> _Source material_:
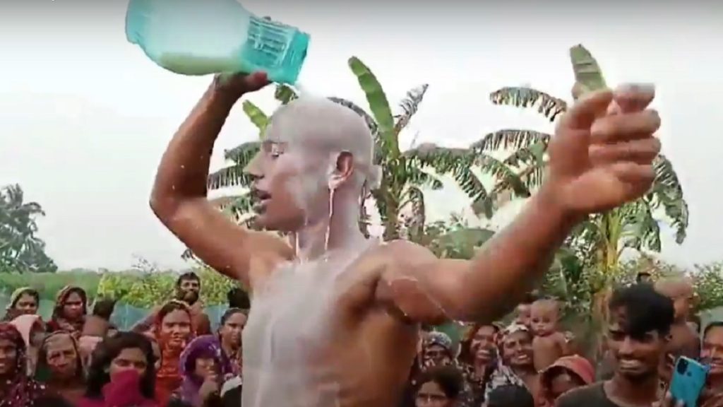 শনিবার (১০ জুন) এ ঘটনা ঘটেছে সাতক্ষীরার কলারোয়া উপজেলার চন্দনপুর ইউনিয়নের গোয়ালপাড়া গ্রামে। এ দিন বেলা ১১টার দিকে মাথা ন্যাড়া করে দুধ দিয়ে গোসল করেন প্রেমিক আহাদ আলী। এ সময় সেখানে তার পরিবার ছাড়াও উপস্থিত ছিলেন প্রতিবেশীরাও।
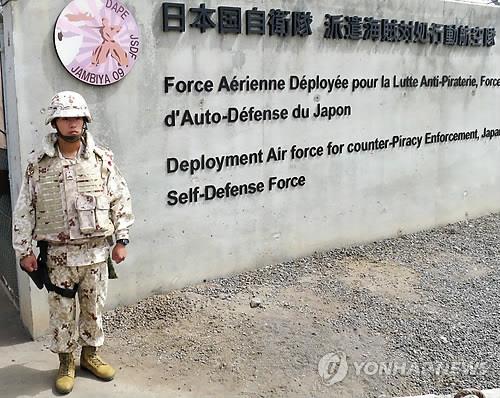 | △ 2015년 1월 20일(현지시간) 아프리카 지부티의 지부티 공항에 인접한 자위대 항공대 거점 외벽 앞에 자위대원이 서 있는 모습. (교도=연합뉴스) |
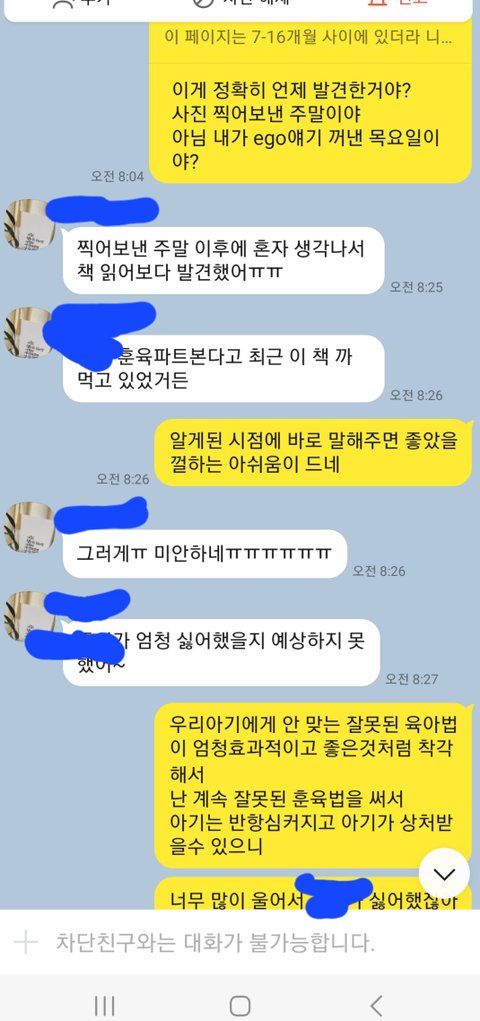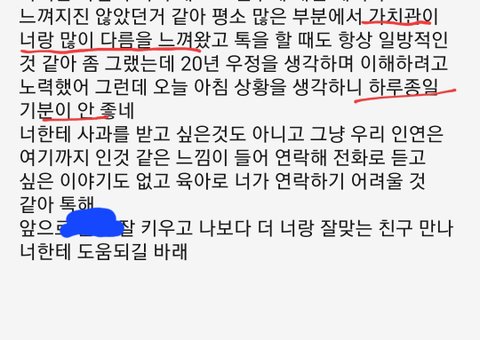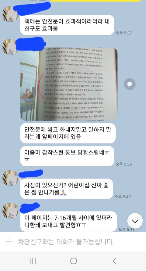 2돌 정도 되는 아기를 키우는 아기엄마입니다.아기가 재접근기에 자신을 때리는 공격성이 나타나,육아 고민이 깊었습니다.유튜브나 책을 찾아봐도 마땅한 방법을 찾지 못해 친구에게 상담을 한 결과, 친구는 아기를 펜스/안전문에 가두는 방법이 최고의 방법인 것처럼 알려주었습니다.친구가 소유한 책 내용을 여러 장 사진 찍어 카톡으로 받았고, 책에 나오는 내용이고(책을 신뢰하는 평소습관이 있음) 친구와 오랜 절친이었기에 친구를 믿고 알려준 펜스에 가두는 방법을 썼습니다.잘 걷고 뛰어다니는 아기를 펜스에 가두는 육아 방법은,가학적이었습니다.아기를 2~3분 잠깐 가두는 동안에도 아기는 눈물을 흘리며, 아픈듯이 자지러지게 많이 울었고 아기와 엄마의 애착관계 형성에 악영향을 준다는 생각과 아기를 정서적으로 학대하는 것 같았습니다. 5번 정도 펜스에 가둔 방법을 쓴 뒤, 이 육아법에 의심이 들어문화센터 선생님께 상담을 하였습니다. 문화센터 선생님은 이 시기에 공격성은 정상적인 반응이며, 보호자가 과도하게 반응하지 말고 단호하게 대처하면 된다는 심플한 답변을 받았고, 이를 친구에게 말했습니다.친구는 펜스에 가두는 방법이 아기에게 상처를 주고 부정적인 안좋은 방법이라는 것과 우리아기 개월수에는 맞지않는 육아법이라는 것을 이미 알고 있었습니다.이해가 되지 않는 것은 이미 자기는 다 알고 있으면서 저에게 수정내용을 말해주지 않은것과자신이 알려준 잘못된 방법을 제가 얘기를 꺼내지 않았다면, 계속 그 방법을 써서 우리아기는 정신적으로 점점더 잘못된 방향으로 나빠지고 있었겠죠?'방귀 뀐 놈이 성질낸다'고 친구는 갑자기 절교를 선언합니다. 친구와는 20년 넘는 친구사이고 친구는 현직교사입니다. 제가 바보같이 자기가 가르쳐준대로 따를 줄 알았는데, 자신의 의견에 문제점을 제시하고,전문가 선생님과 상담할 줄 몰랐는데 전문가와 상담하여 의견제시하고 그래서인가요? 친구의 행동이 전혀 이해 되지 않고 어이가 없습니다.자존감이 엄청 높은 사람이라 친구인 제가 조금이라도 부정적으로 얘기하는 것이 거슬리는 걸까요?친구가 알려준 잘못된 육아법으로 우리아기는 정서적인 아동학대를 당하였고 남편도 아기 우는 모습에 힘들어했습니다. 문화센터 선생님과 상담하지 않았다면, 계속 잘못된 육아법을 썼겠죠 그 점이 더 소름끼치게 무섭습니다. 마지막 문자에서 가치관 지적 당한거 기분 나쁘고요 ,평소에 서로의 가치관에 대해 진지하게 얘기나눈적이 없기 때문에 서로의 가치관을 모릅니다. 지적질하고 남 가르치려드는 태도 아주 기분 상하네요. 우리아기 정서적 아동학대를 당하였는데, 친구는 어른인 자기 기분이 나쁘다는 얘기만 계속합니다. 내 카톡으로 단순히 기분이 나빴나요?우리가족은 모두 힘든 시간을 보냈습니다. 살면서 이렇게 어이없는 일도 당하네요

> _Aim of the exercise_: All of the data must be set down exactly, with no pictures included.

> _Solution to this task_:
 শনিবার (১০ জুন) এ ঘটনা ঘটেছে সাতক্ষীরার কলারোয়া উপজেলার চন্দনপুর ইউনিয়নের গোয়ালপাড়া গ্রামে। এ দিন বেলা ১১টার দিকে মাথা ন্যাড়া করে দুধ দিয়ে গোসল করেন প্রেমিক আহাদ আলী। এ সময় সেখানে তার পরিবার ছাড়াও উপস্থিত ছিলেন প্রতিবেশীরাও।
 | △ 2015년 1월 20일(현지시간) 아프리카 지부티의 지부티 공항에 인접한 자위대 항공대 거점 외벽 앞에 자위대원이 서 있는 모습. (교도=연합뉴스) |
 2돌 정도 되는 아기를 키우는 아기엄마입니다.아기가 재접근기에 자신을 때리는 공격성이 나타나,육아 고민이 깊었습니다.유튜브나 책을 찾아봐도 마땅한 방법을 찾지 못해 친구에게 상담을 한 결과, 친구는 아기를 펜스/안전문에 가두는 방법이 최고의 방법인 것처럼 알려주었습니다.친구가 소유한 책 내용을 여러 장 사진 찍어 카톡으로 받았고, 책에 나오는 내용이고(책을 신뢰하는 평소습관이 있음) 친구와 오랜 절친이었기에 친구를 믿고 알려준 펜스에 가두는 방법을 썼습니다.잘 걷고 뛰어다니는 아기를 펜스에 가두는 육아 방법은,가학적이었습니다.아기를 2~3분 잠깐 가두는 동안에도 아기는 눈물을 흘리며, 아픈듯이 자지러지게 많이 울었고 아기와 엄마의 애착관계 형성에 악영향을 준다는 생각과 아기를 정서적으로 학대하는 것 같았습니다. 5번 정도 펜스에 가둔 방법을 쓴 뒤, 이 육아법에 의심이 들어문화센터 선생님께 상담을 하였습니다. 문화센터 선생님은 이 시기에 공격성은 정상적인 반응이며, 보호자가 과도하게 반응하지 말고 단호하게 대처하면 된다는 심플한 답변을 받았고, 이를 친구에게 말했습니다.친구는 펜스에 가두는 방법이 아기에게 상처를 주고 부정적인 안좋은 방법이라는 것과 우리아기 개월수에는 맞지않는 육아법이라는 것을 이미 알고 있었습니다.이해가 되지 않는 것은 이미 자기는 다 알고 있으면서 저에게 수정내용을 말해주지 않은것과자신이 알려준 잘못된 방법을 제가 얘기를 꺼내지 않았다면, 계속 그 방법을 써서 우리아기는 정신적으로 점점더 잘못된 방향으로 나빠지고 있었겠죠?'방귀 뀐 놈이 성질낸다'고 친구는 갑자기 절교를 선언합니다. 친구와는 20년 넘는 친구사이고 친구는 현직교사입니다. 제가 바보같이 자기가 가르쳐준대로 따를 줄 알았는데, 자신의 의견에 문제점을 제시하고,전문가 선생님과 상담할 줄 몰랐는데 전문가와 상담하여 의견제시하고 그래서인가요? 친구의 행동이 전혀 이해 되지 않고 어이가 없습니다.자존감이 엄청 높은 사람이라 친구인 제가 조금이라도 부정적으로 얘기하는 것이 거슬리는 걸까요?친구가 알려준 잘못된 육아법으로 우리아기는 정서적인 아동학대를 당하였고 남편도 아기 우는 모습에 힘들어했습니다. 문화센터 선생님과 상담하지 않았다면, 계속 잘못된 육아법을 썼겠죠 그 점이 더 소름끼치게 무섭습니다. 마지막 문자에서 가치관 지적 당한거 기분 나쁘고요 ,평소에 서로의 가치관에 대해 진지하게 얘기나눈적이 없기 때문에 서로의 가치관을 모릅니다. 지적질하고 남 가르치려드는 태도 아주 기분 상하네요. 우리아기 정서적 아동학대를 당하였는데, 친구는 어른인 자기 기분이 나쁘다는 얘기만 계속합니다. 내 카톡으로 단순히 기분이 나빴나요?우리가족은 모두 힘든 시간을 보냈습니다. 살면서 이렇게 어이없는 일도 당하네요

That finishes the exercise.